* [INFORMATION PROVIDED]
##########
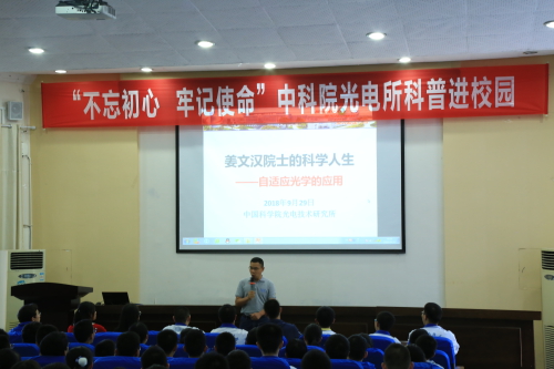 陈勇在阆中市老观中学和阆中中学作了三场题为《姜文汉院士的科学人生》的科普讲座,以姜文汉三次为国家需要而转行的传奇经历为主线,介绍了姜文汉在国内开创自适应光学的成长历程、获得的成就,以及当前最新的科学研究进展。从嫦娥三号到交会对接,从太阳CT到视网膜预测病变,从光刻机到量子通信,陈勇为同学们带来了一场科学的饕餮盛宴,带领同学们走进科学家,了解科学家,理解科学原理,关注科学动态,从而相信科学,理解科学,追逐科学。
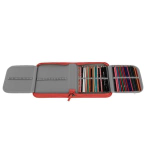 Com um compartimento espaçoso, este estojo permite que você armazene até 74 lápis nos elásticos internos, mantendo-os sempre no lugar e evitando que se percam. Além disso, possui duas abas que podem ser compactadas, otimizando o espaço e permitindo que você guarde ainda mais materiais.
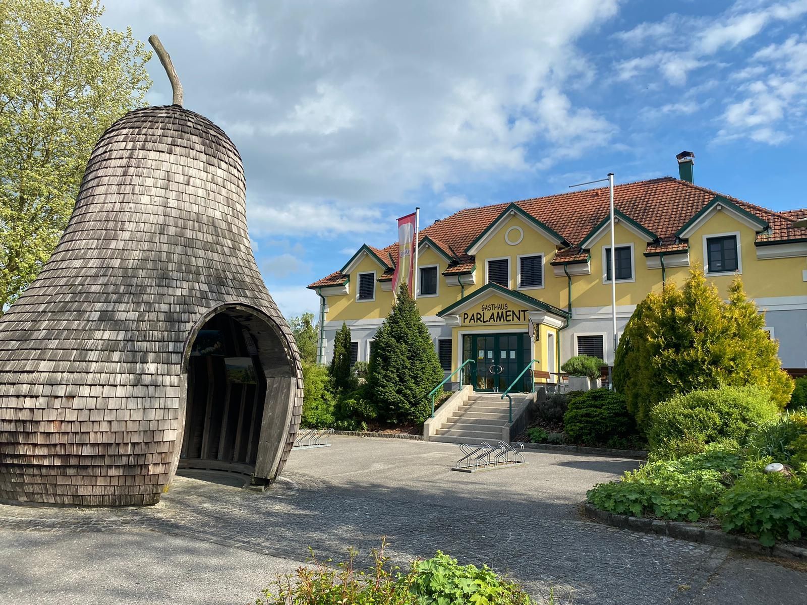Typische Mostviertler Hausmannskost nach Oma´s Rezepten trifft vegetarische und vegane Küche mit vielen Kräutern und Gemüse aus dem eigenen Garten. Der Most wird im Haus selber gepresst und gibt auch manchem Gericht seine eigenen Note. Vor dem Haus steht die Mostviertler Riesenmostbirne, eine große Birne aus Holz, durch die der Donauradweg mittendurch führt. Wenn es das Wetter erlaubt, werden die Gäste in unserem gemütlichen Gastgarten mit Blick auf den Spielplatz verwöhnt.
##########
* [TASK OBJECTIVE] When you set down the material above, keep every word exact and include no pictures.

* [ANSWER SPACE]
 陈勇在阆中市老观中学和阆中中学作了三场题为《姜文汉院士的科学人生》的科普讲座,以姜文汉三次为国家需要而转行的传奇经历为主线,介绍了姜文汉在国内开创自适应光学的成长历程、获得的成就,以及当前最新的科学研究进展。从嫦娥三号到交会对接,从太阳CT到视网膜预测病变,从光刻机到量子通信,陈勇为同学们带来了一场科学的饕餮盛宴,带领同学们走进科学家,了解科学家,理解科学原理,关注科学动态,从而相信科学,理解科学,追逐科学。
 Com um compartimento espaçoso, este estojo permite que você armazene até 74 lápis nos elásticos internos, mantendo-os sempre no lugar e evitando que se percam. Além disso, possui duas abas que podem ser compactadas, otimizando o espaço e permitindo que você guarde ainda mais materiais.
Typische Mostviertler Hausmannskost nach Oma´s Rezepten trifft vegetarische und vegane Küche mit vielen Kräutern und Gemüse aus dem eigenen Garten. Der Most wird im Haus selber gepresst und gibt auch manchem Gericht seine eigenen Note. Vor dem Haus steht die Mostviertler Riesenmostbirne, eine große Birne aus Holz, durch die der Donauradweg mittendurch führt. Wenn es das Wetter erlaubt, werden die Gäste in unserem gemütlichen Gastgarten mit Blick auf den Spielplatz verwöhnt.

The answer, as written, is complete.